*** Block opens ***

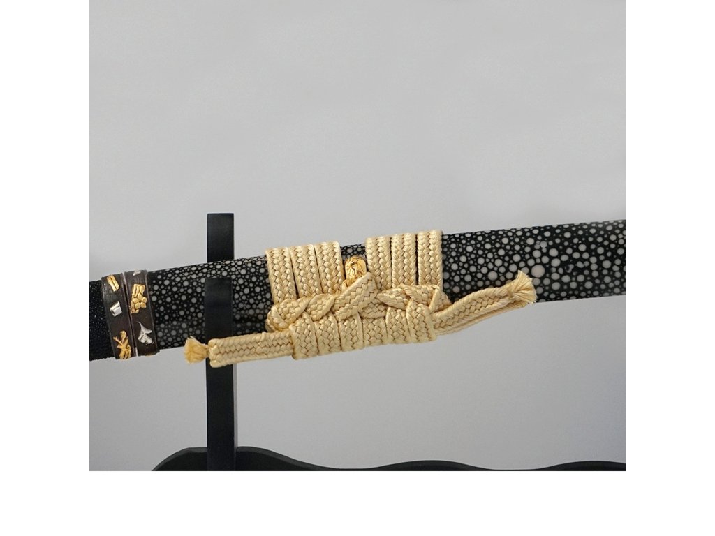 Saya (plášť) | potažena přelakovanou a přeleštěnou rejnočí kůží ve stylu nuri zamé. Oplet sage-o, kterým se meč fixuje k opasku obi, je barvy slonové kosti. |
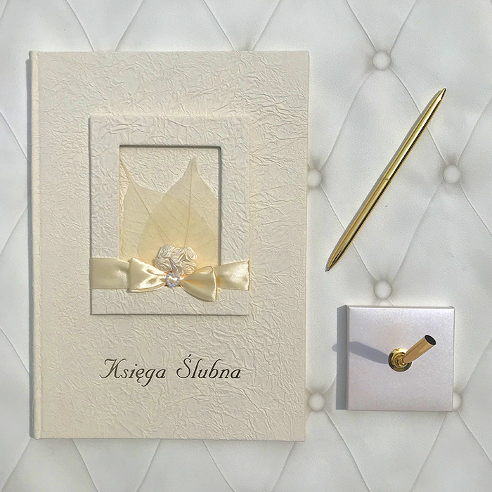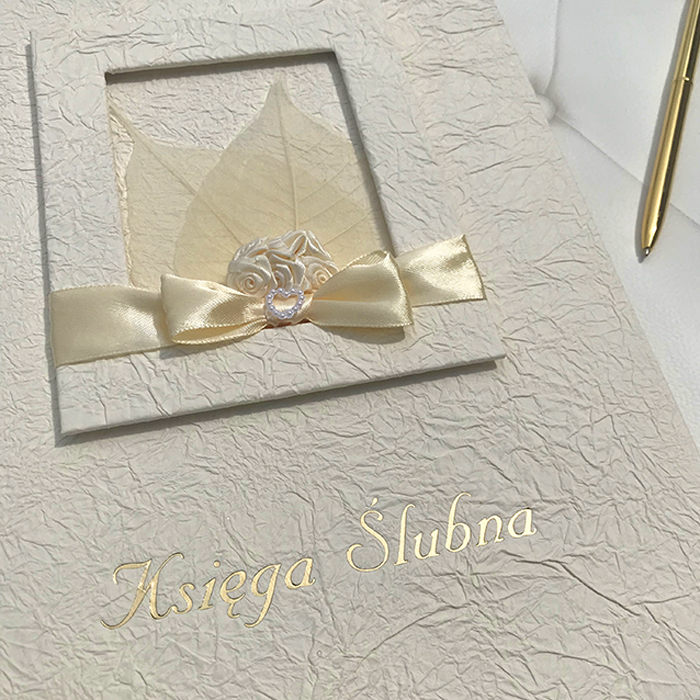 Księga gości wykonana ręcznie z papieru czerpanego w kolorze ecru. Całość zdobią wtapiane, herbaciane róże oraz wstążka ze starannie wykonaną klamrą. To specjalne miejsce na pamiątkowe wpisy Państwa bliskich. Różnica tkwi w szczegółach, które czynią uroczystość wyjątkową...
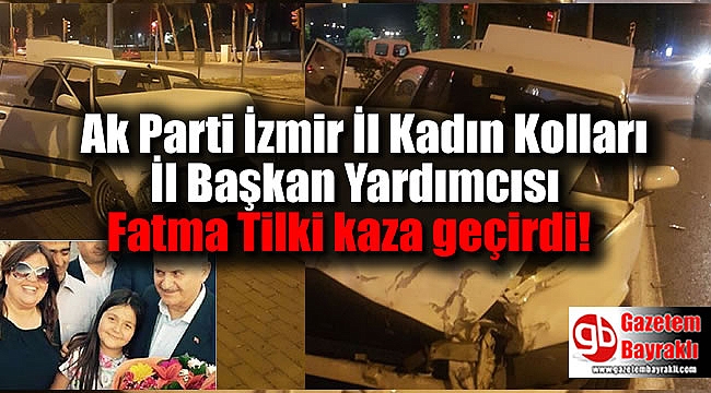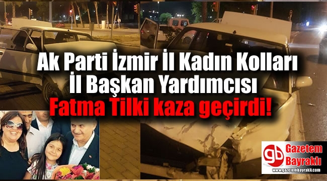 Meydana gelen trafik kazasında, Ak Parti İzmir İl Kadın Kolları Fatma Tilki'nin içinde bulunduğu araç İddiaya göre seyir halinde olan başka araca çarptı. Çarpmanın etkisiyle araçlarda büyük hasar meydana geldi.
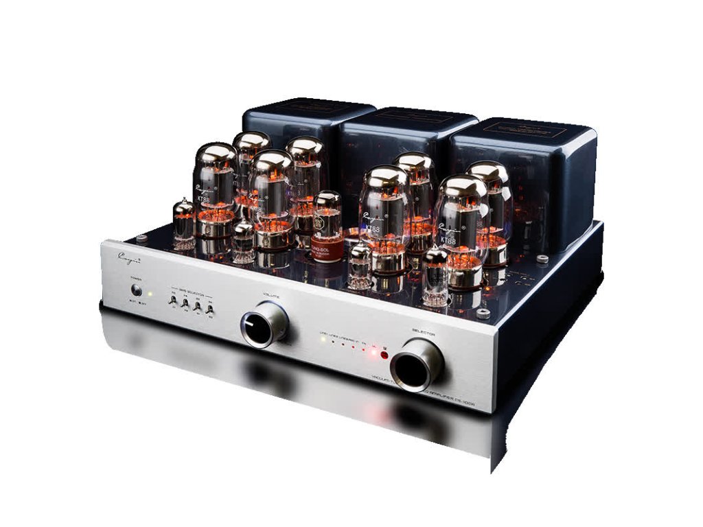 Tento lampový zesilovač patří k mezi špičku ve své cenové relaci Nejlepší ve své řadě Série CS vedle modelů CS-150A, CS-805A a CS-845A uvádí na trh unikátní jedinečný integrovaný lampový zesilovač CS-100A. Firemní návrhářská elita v něm využila nový duální elektronkový modul, dimenzovaný na 80 W na kanál v ultra-lineárním režimu třídy AB a 50 W na kanál v režimu triody.Je zkonstruován s měřičem zkreslení. Integrovaný zesilovač může také provozovat elektronky KT-88 nebo rodiny EL, přičemž mu nechybí stříbrné vnitřní vedení. Zesilovač CS-100A obsahuje elektronku 6SN7 sloužící k zesílení napětí, 12AU7EH pro fázovou inverzi/napěťové zesílení a 12BH7EH pro napěťové zesílení i stupně budiče, s výstupními elektronkami KT-88 nebo EL-34. Specifika konstrukční charakteristiky Cayin zajistil, že obvody Soft-Start chrání zesilovač a prodlužují životnost vnitřních součástek i elektronek. Dále nezapomněl ani na vysoce kvalitní ovládání hlasitosti ALPS, použil inovativní zvukové kondenzátory, rezistory z uhlíkové fólie, toroidní transformátor pro napájení a širokopásmové výstupní transformátory EI jsou všechny standardní.Doplňkové parametry
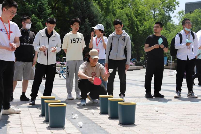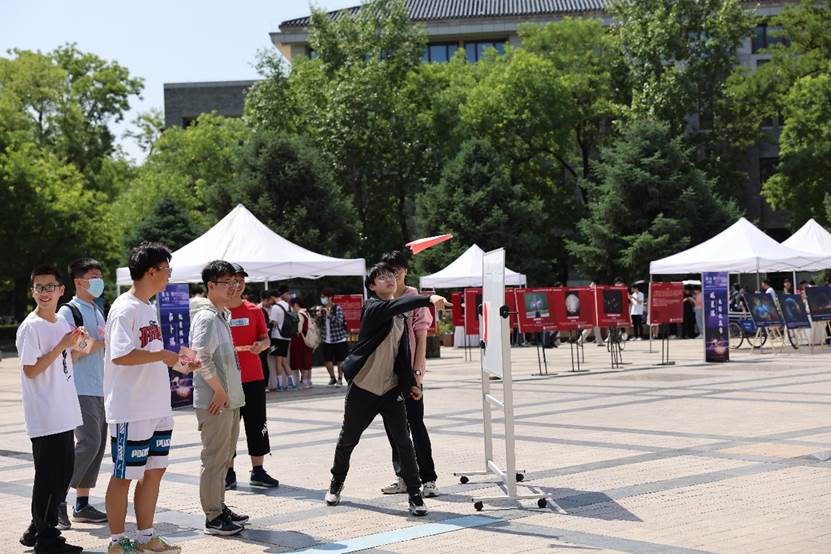 在趣味物理竞技挑战展位,同学们争先恐后地拿起轻盈的纸飞机,竞相研究讨论如何利用好物理学知识折出飞得更远、更久的纸飞机,亲手实践飞行魔法课的神奇课题。
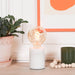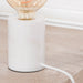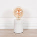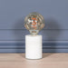 Industrial style table lamp finished in solid white marble. The lamp has in-line cable toggle on/off switch with white braided electrical cord.
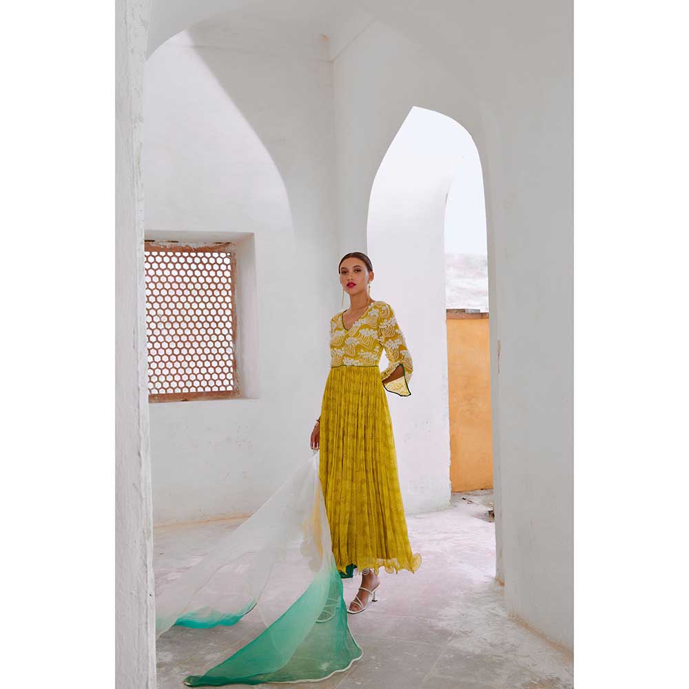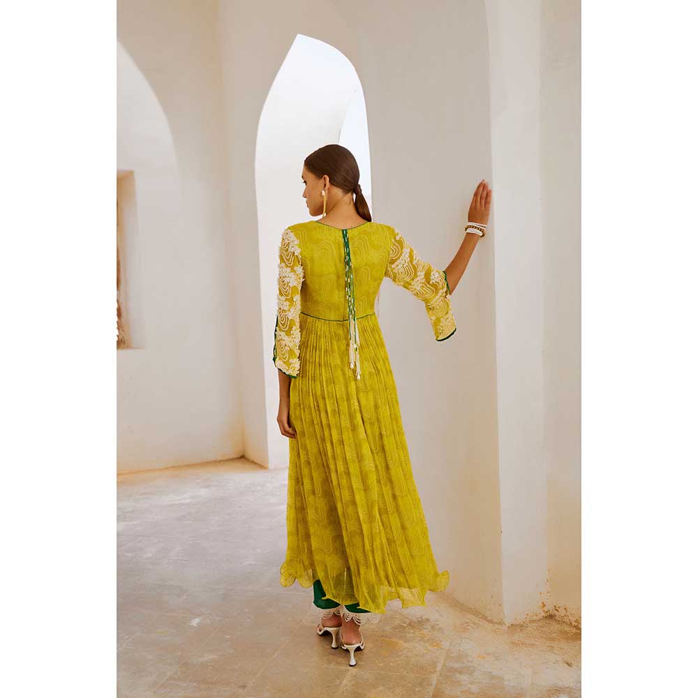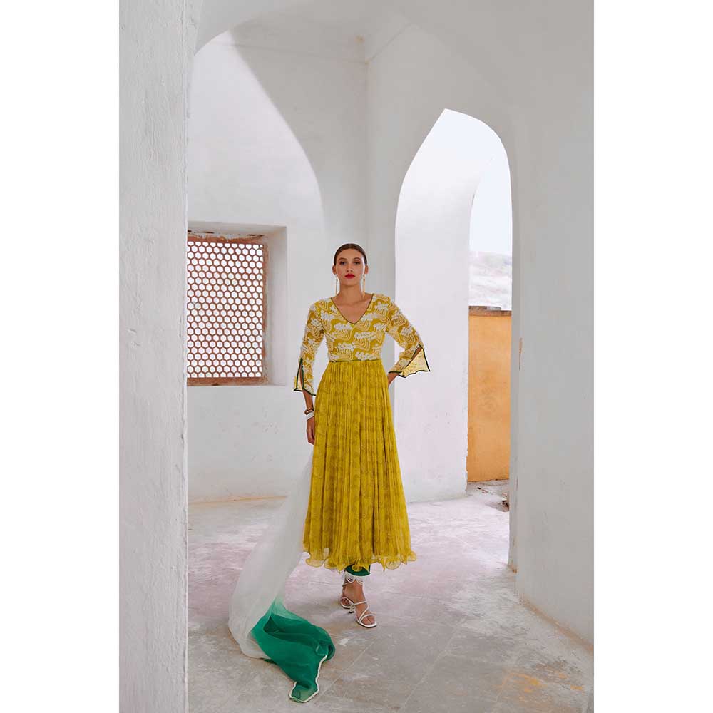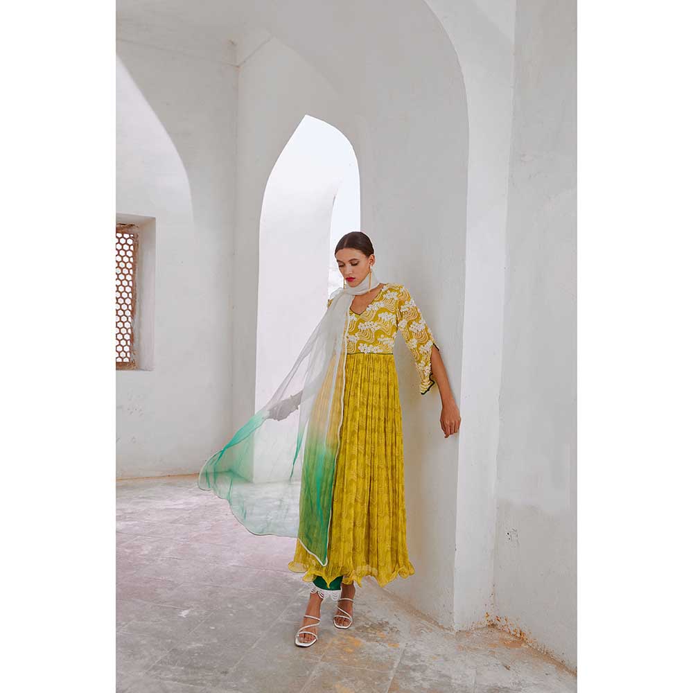PALLAVI JAIPUR Lemon Green Bahara Anarkali Kurta With Pant & Dupatta (Set of 3)
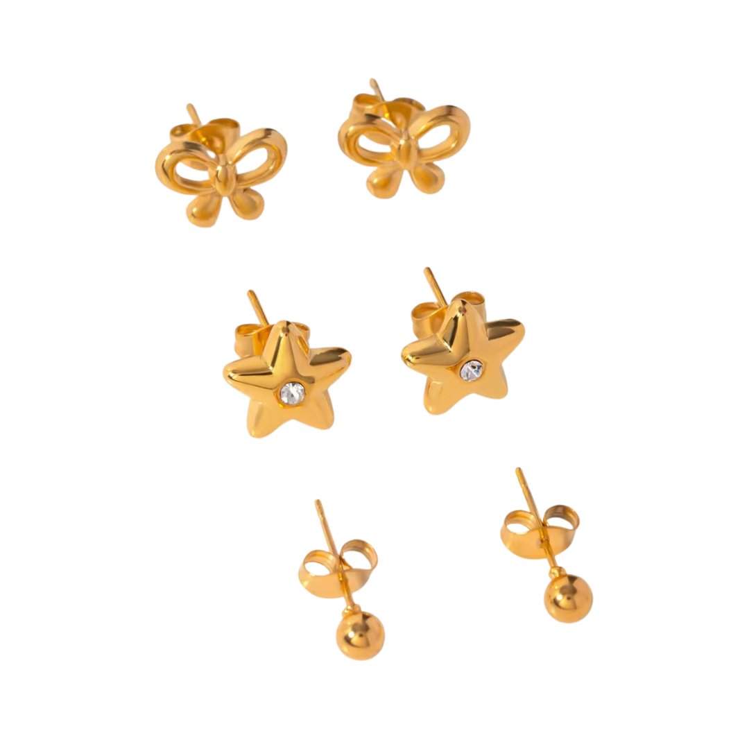 Introducing our Starlit Stud Earrings Set, featuring fun yet minimalistic designs. These earrings are perfect for everyday wear and stacking.
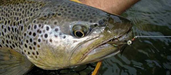 GUIDE ANDAH AKAGHAR DISPLAY A BIG BROWN. STRUNZO RIVER.
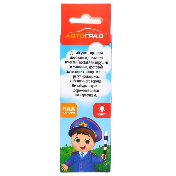 С набором «Изучаем ПДД» прогулки на улице станут для малыша безопаснее. Обучающие карточки в наборе помогут ребёнку изучить знаки, по которым он сможет ориентироваться на проезжей части. Набор поможет ребёнку в игровой форме изучить правила дорожного движения и узнать, как вести себя на дороге. Светофор в комплекте имеет звуковые и световые эффекты, что поможет воссоздать реальную ситуацию на дороге, придумать варианты развития событий и заранее обезопасить себя от чрезвычайных ситуаций.
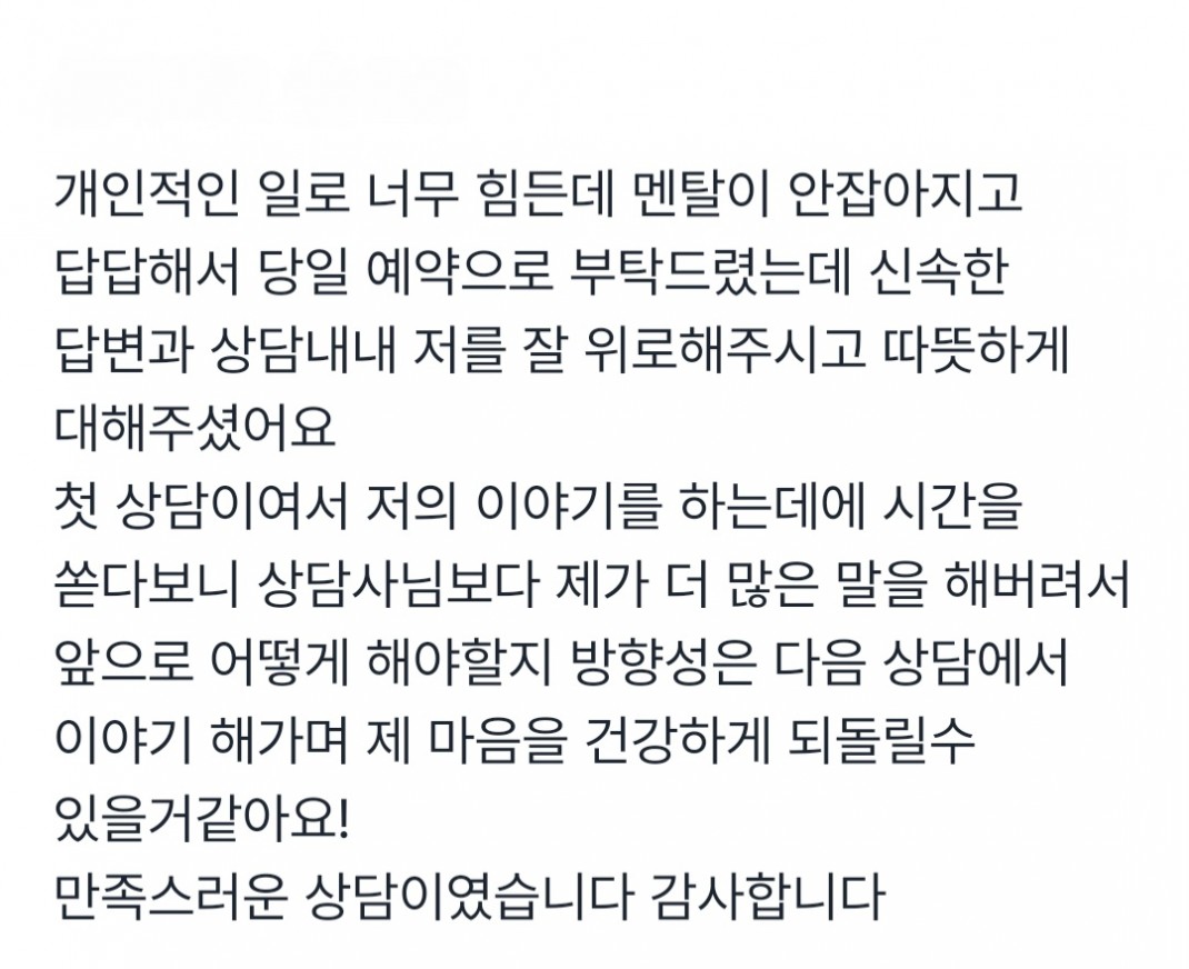 개인적인 일로 너무 힘든데 멘탈이 안잡아지고 답답해서 당일 예약으로 부탁드 렸는 작성자관리자 등록일 25-08-24 조회53회 본문 개인적인 일로 너무 힘든데 멘탈이 안잡아지고 답답해서 당일 예약으로 부탁드 렸는데 신속한 답변과 상담내내 저를 잘 위로해주시고 따뜻하게 대해주셨어요 상담을 통해 자존감도 많이 올라간 것 갇습니다. 심리상담을 통해 제 인생 이야기를 처음부터 끝까지 털어놓을 수 있었습니다. 목록 글쓰기
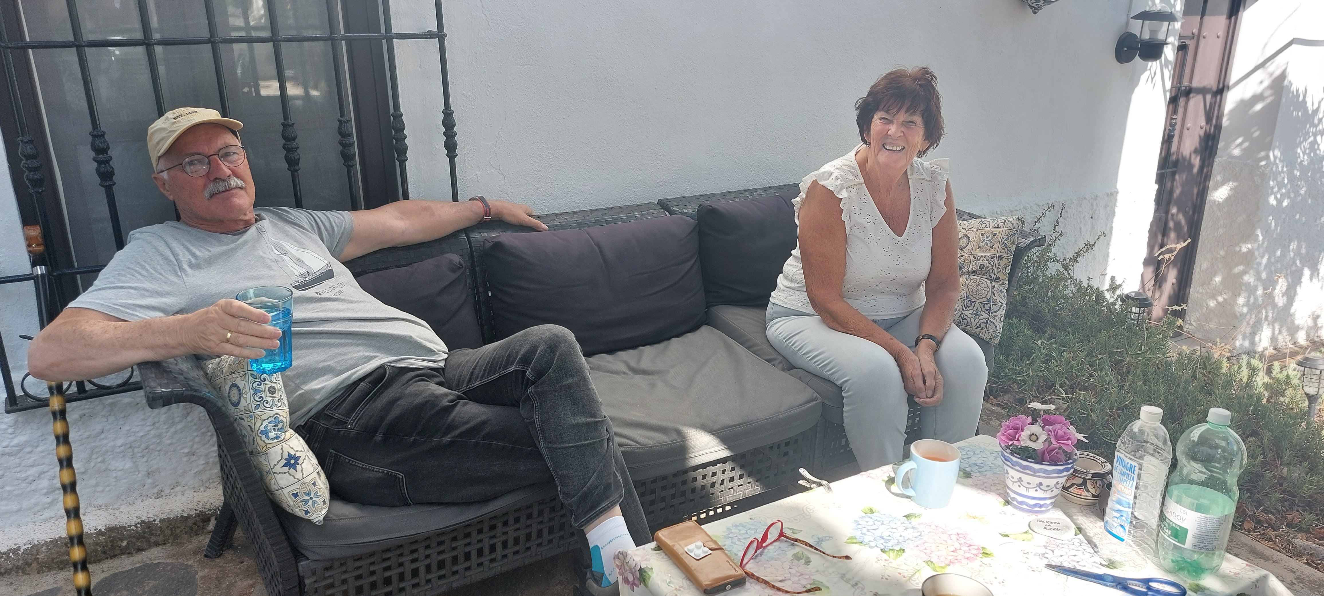 Net voordat we wilden vertrekken kreeg Lesley een appje van een vriend vertelde hij, die vriend stond met autopech in Granada en of Les hem op wilde halen.
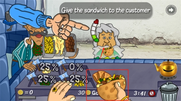 5、制作完成的三明治,直接点击人物,就能把三明治打包交给顾客。
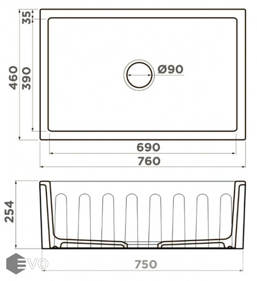 - Размеры мойки: 76x46 см
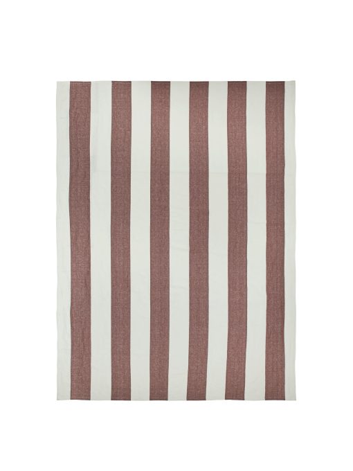 The Hale Tablecloth is crafted from a yarn-dyed linen and cotton blend. Its textured weave and decorative stripes bring an artisanal touch to your dining setting.
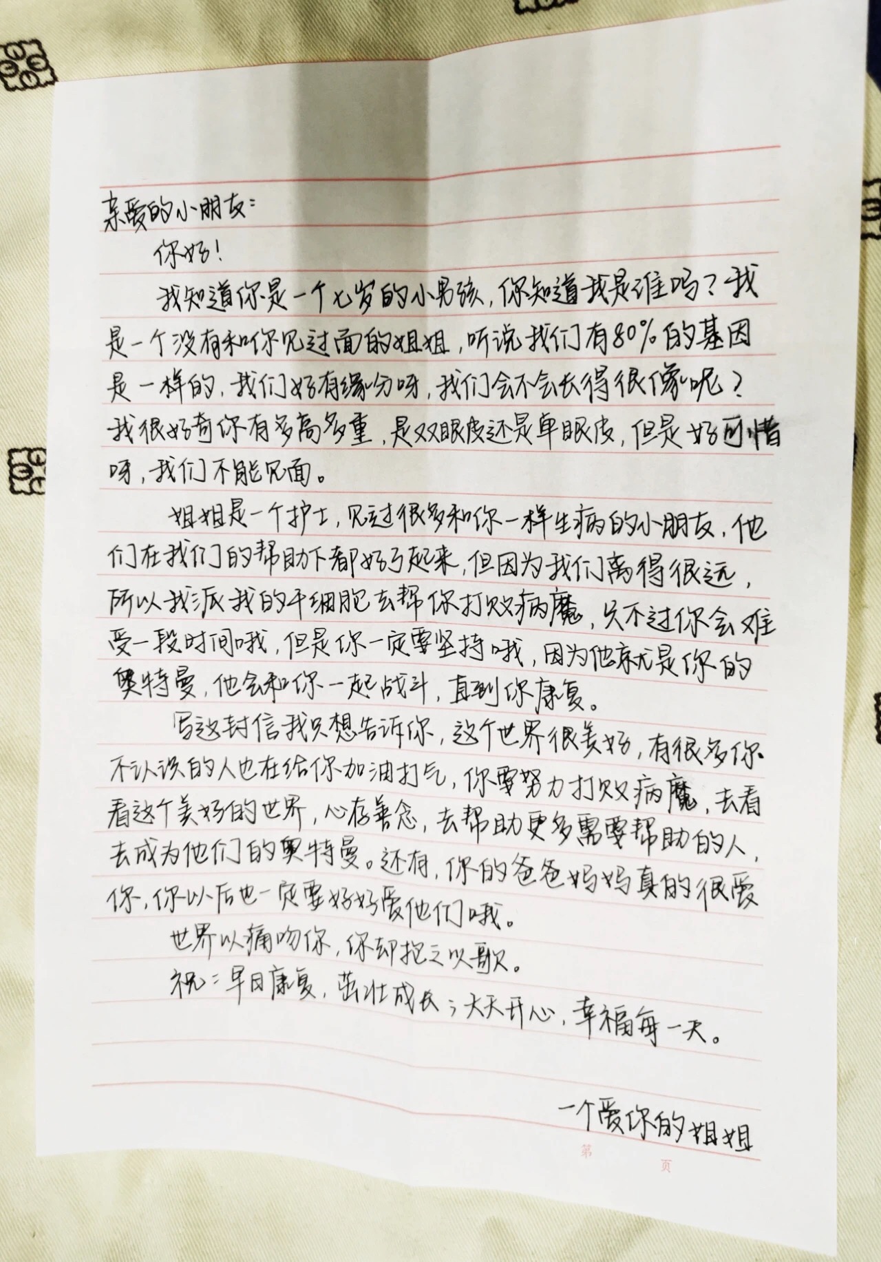 “姐姐是一个护士,见过很多和你一样生病的小朋友,他们在我们的帮助下都好了起来,但是因为我们离得很远,所以我派我的干细胞去帮你打败病魔……写这封信我只想告诉你,这个世界很美好,有很多你不认识的人也在给你加油打气,你要努力打败病魔,去看看这个美好的世界。”

*** Block closes ***

TASK DIRECTIONS:
Copy back, word for word, every line between the top of the material above and the line that contains "Księga gości wykonana", both included, without any pictures.

EXERCISE OUTPUT:
 Saya (plášť) | potažena přelakovanou a přeleštěnou rejnočí kůží ve stylu nuri zamé. Oplet sage-o, kterým se meč fixuje k opasku obi, je barvy slonové kosti. |
 Księga gości wykonana ręcznie z papieru czerpanego w kolorze ecru. Całość zdobią wtapiane, herbaciane róże oraz wstążka ze starannie wykonaną klamrą. To specjalne miejsce na pamiątkowe wpisy Państwa bliskich. Różnica tkwi w szczegółach, które czynią uroczystość wyjątkową...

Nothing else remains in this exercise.